C++primer5thedition.Unionandmembersofclasstype
I have this text from C++ primer 5th edition. ch 19.6 Union:
class Token { public: Token(): tok(INT), ival{0} { } Token(const Token &t): tok(t.tok) { copyUnion(t); } Token &operator=(const Token&); ~Token() { if (tok == STR) sval.~string(); } Token &operator=(const std::string&); Token &operator=(char); Token &operator=(int); Token &operator=(double); private: enum {INT, CHAR, DBL, STR} tok; // discriminant union { // anonymous union char cval; int ival; double dval; std::string sval; }; // each Token object has an unnamed member of this unnamed union type // check the discriminant and copy the union member as appropriate void copyUnion(const Token&); }; Token &Token::operator=(const std::string &s) { if (tok == STR) // if we already hold a string, just do an assignment sval = s; else new(&sval) string(s); // otherwise construct a string tok = STR; // update the discriminant return *this; }In this case, if the union already holds a string, we can use the normal string assignment operator to give a new value to that string. Otherwise, there is no existing string object on which to invoke the string assignment operator. Instead, we must construct a string in the memory that holds the union. We do so using placement new (§ 19.1.2, p. 824) to construct a string at the location in which
svalresides. We initialize that string as a copy of our string parameter. We next update the discriminant and return.
Everything is so straightforward for me but what confuses me is this version of the copy-assignment operator (that takes an std::string): and the last paragraph: "if the union already holds a string..." But in case the union doesn't hold a string then why we bother to use such placement new? as long as the assignment operator calls the destructor thus destroys the object then frees memory which is the reverse of the constructor?
I mean why he didn't directly write this?
sval = s;
I think there's no need to call the dtor explicitly with sval.~string() because the assignment operator does that instead. I mean no condition is required.
回答
You cannot assign something to an object that was never constructed. In C++, any object, any object all, needs to be constructed first, before anything happens to it. This is one of the fundamental rules of C++, without any exceptions or alternatives.
Attempting to use an object in any way, before it is constructed, results in undefined behavior. Assigning to an object counts as using it. Because, after all, if you're assigning something to an object it must exist already.
This is a key, fundamental concept. There is a big difference between constructing an object and assigning something to it.

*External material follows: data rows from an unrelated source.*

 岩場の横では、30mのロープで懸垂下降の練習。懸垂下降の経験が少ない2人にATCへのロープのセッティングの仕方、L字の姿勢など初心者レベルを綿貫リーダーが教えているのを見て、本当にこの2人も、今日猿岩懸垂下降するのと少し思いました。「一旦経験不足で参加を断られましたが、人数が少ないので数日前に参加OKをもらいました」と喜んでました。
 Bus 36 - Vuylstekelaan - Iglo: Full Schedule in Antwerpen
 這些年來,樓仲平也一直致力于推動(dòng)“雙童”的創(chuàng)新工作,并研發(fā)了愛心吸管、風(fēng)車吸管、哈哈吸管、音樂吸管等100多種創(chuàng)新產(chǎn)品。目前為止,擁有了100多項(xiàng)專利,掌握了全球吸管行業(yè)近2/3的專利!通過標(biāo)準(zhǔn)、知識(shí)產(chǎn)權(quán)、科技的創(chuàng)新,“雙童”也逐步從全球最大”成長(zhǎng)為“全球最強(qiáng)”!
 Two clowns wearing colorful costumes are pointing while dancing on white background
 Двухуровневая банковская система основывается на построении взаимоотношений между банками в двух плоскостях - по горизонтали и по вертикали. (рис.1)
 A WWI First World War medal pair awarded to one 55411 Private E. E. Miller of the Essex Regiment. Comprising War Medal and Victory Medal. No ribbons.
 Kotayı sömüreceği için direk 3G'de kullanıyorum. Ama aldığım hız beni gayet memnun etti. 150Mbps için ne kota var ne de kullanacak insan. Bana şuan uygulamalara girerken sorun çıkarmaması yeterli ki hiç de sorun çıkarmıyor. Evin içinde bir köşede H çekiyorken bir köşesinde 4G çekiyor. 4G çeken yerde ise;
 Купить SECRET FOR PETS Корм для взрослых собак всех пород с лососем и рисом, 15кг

In the first case the object did not exist originally. In the second case it already exists, which means that at some unspecified prior point in time it must've been constructed.
You are proposing, effectively, to assign something to an object without the benefit of constructing it. This is undefined behavior.

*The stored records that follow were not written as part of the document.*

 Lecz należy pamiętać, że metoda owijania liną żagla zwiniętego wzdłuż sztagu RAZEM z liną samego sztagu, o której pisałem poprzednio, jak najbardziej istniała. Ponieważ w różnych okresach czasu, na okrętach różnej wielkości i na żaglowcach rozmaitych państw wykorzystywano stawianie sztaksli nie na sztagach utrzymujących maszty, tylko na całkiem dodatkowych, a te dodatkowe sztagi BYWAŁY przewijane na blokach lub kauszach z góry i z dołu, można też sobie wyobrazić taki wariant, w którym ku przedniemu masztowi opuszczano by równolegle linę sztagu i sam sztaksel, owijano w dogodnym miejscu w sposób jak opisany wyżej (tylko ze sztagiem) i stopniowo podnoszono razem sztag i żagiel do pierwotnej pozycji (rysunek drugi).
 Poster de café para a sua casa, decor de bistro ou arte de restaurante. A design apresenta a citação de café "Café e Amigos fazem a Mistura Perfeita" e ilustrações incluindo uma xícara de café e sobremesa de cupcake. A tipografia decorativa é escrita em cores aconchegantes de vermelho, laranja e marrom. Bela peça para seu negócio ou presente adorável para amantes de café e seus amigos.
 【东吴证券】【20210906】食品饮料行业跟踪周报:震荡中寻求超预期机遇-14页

P.S. In modern C++, you can pretty much ignore everything you've read, and simply use std::variant, which takes care of all of these details for you. It is true, however, that it is important to understand these kinds of fundamental concepts, and this is a good example that illustrates them. But after you've figured out why things have to be the way they are, here, you can pretty much forget about it, and just use std::variant.
I think there's no need to call the dtor explicitly with
sval.~string() because the assignment operator does that instead.
不,作为一般规则:赋值运算符不会调用析构函数。赋值运算符通常不会销毁对象。如果是这样,该对象将不再存在,但它当然会在分配给它之后存在。